The phrase became synonymous with a disintegrating Conservative Party, and a prime minister’s rage and frustration with his cabinet colleagues; of an era when the Conservative Party, a force that had dominated British governance in the twentieth century, was simply ungovernable. In an unguarded outburst the then prime minister John Major referred to three of his own cabinet as “bastards”, giving a glimpse into the anger, obvious contempt and deep divisions that riddled a visibly dying party. The myth of British politics is that it is only the Labour Party that does visceral, internal warfare. Admittedly, Blair and Brown gave it a good go, but only the Conservatives do fratricidal infighting with such ruthlessness – and they’re currently in the midst of repeating their decade-long breakdown.

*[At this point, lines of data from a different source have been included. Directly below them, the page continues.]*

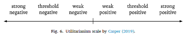 En primer lugar, se encuentra el strong negative utilitarismo, que significa que el utilitarismo se reduce al sufrimiento. Al contrario, el strong positive utilitarismo significa que únicamente existe la felicidad y las oportunidades de incrementarla. También, se puede encontrar al threshold negative utilitarismo, en dónde existe lugar para el sufrimiento que ninguna cantidad de felicidad podría compensar, y al threshold positive utilitarismo, en el que siempre existe lugar para la felicidad que ninguna cantidad de sufrimiento podrá rebasar. Finalmente, se encuentran el weak negative utilitarismo y el weak positive utilitarismo, en donde el primero significa que existe una asimetría entre el sufrimiento y la felicidad en la que el bienestar importa pero es rebasado por el malestar, y viceversa, en donde la felicidad y el sufrimiento son conmensurables, no obstante la felicidad rebasa el malestar.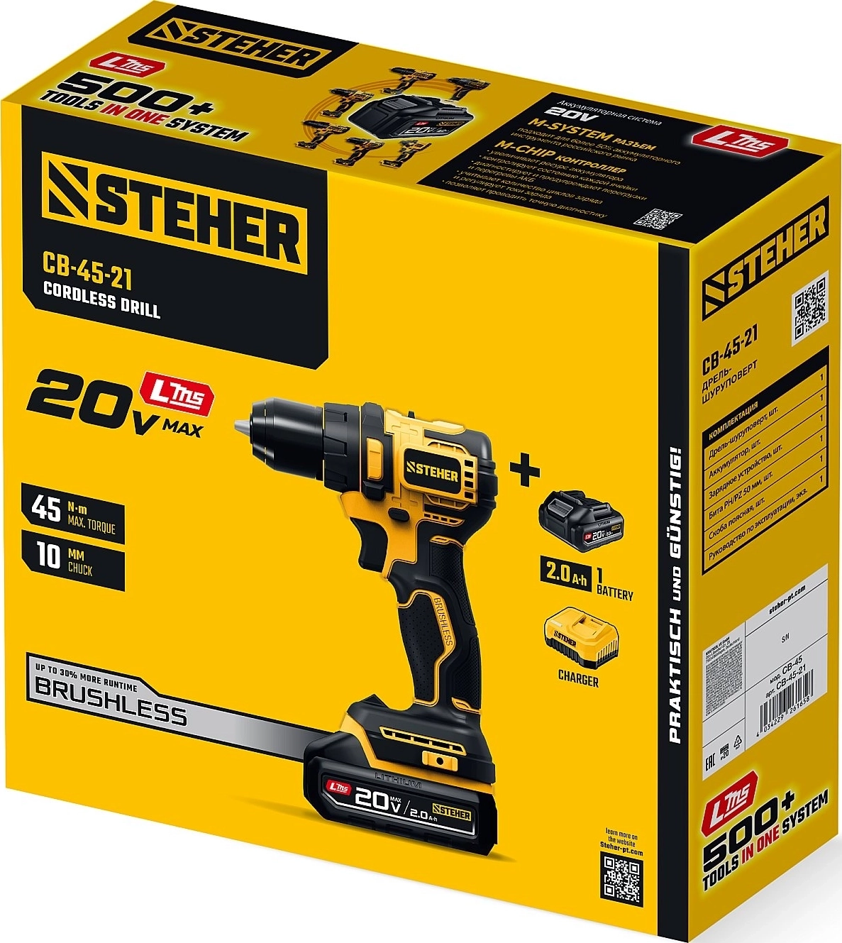 Бесщеточная дрель-шуруповерт STEHER 20 В, 45 Н·м, 1 АКБ LMS (2 А·ч)
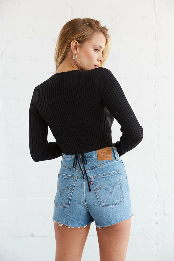 Hey babe, meet the Gigi Tie Sweater Crop Top. Featuring a fitted silhouette, a soft ribbed knit design, and an adjustable wrap tie detail around the waist! Available in black and white. Pair with our Penelope Floral Mini Skirt for a flirty weekend vibe!Â

David Cameron returned the Tories, just about, to government from their longest period in political exile since the split over the Corn Laws during the 1840s. Not that his party are at all grateful, mind. Far from being a natural party of government, today’s Conservative Party increasingly resembles a party of resentment. Bitterness, nostalgia and fantasy grip the party. Driving the sense of haplessness is much of the right-wing press, who have seemingly tired of Cameron, and, from the grassroots, ConservativeHome has emerged as the principal receptacle for all the bile the party's faithful can legitimately publish.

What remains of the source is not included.